Did it seem that way simply because he was exhausted at the end of a long, traumatic day or was it perhaps a defence mechanism, his way of dealing with seeing his patients when they were no longer alive, by shutting a part of himself away inside?
Wo
uld she ever be able to do that if they lost one of their little charges? Would that be the way she could cope with the feeling that she should have been able to do something more for them?
‘The passenger was trapped and it took a while to cut him free,’ he continued. ‘He’ll probably be on crutches for a while when they get his leg reassembled, but the driver was unconscious at the scene—a depressed skull fracture. We’ll just have to wait and see what St Piran’s can do with him. If it’s as bad as it looked, he might never come out of ICU, even if he makes it out of Theatre.’
The sharp click of locks drew her attention to the fact that he’d just closed his oversized briefcase again.
‘I’ve done the necessary,’ he said as he turned towards her. ‘Of course, you know that there’ll be no need for a post-mortem. It wasn’t as if her death was unexpected or that the cause is in any doubt.’

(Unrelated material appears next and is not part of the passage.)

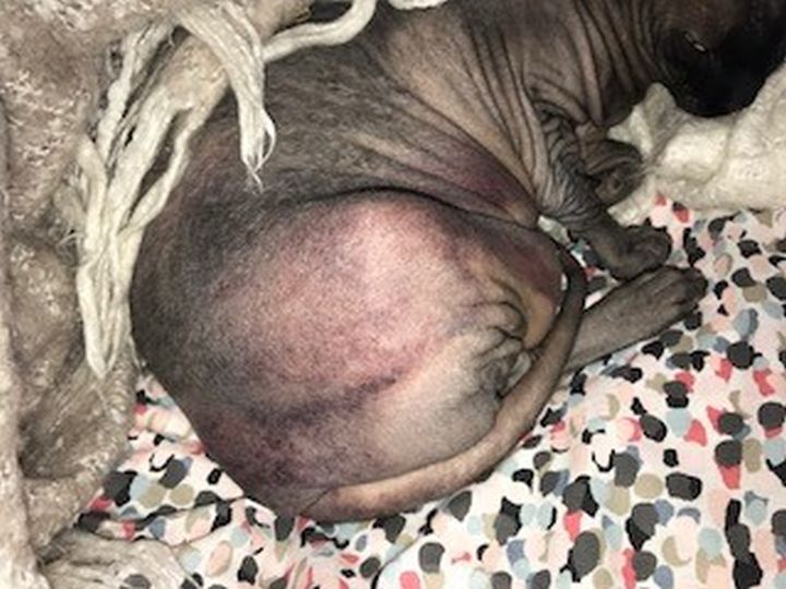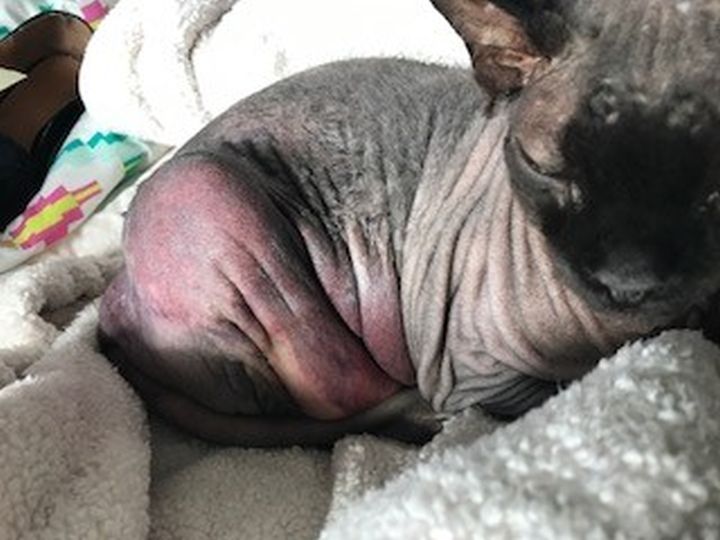 After Giles picked up Gloria, she noticed her cat was behaving unusually, crying and scratching. That night, Giles said she noticed deep pink and purple bruising along Gloria’s bottom and backside.

‘No.’ Somehow Emily forced her voice to work. ‘Thank you for coming out so late,’ she added, the manners that Beabea had always insisted on a totally automatic part of her life even when everything else had been turned on its head.
‘Nan told me you were sitting with her and I couldn’t leave you here all night.’ He reached out an avuncular hand to pat her on the shoulder. ‘She was a lovely lady and it was always a pleasure to see her. I’m sure you’ll feel better when you’ve had a good cry, my dear. Just concentrate on the fact that she’d had a good innings—and that she was tremendously proud of you—but if you’d like me to organise some grief counselling…’
‘I don’t think so,’ she said firmly, not seeing the point. No amount of counselling would bring her grandmother back and she would rather deal with this loss the same way she’d dealt with the loss of her parents—in her own way and in her own time.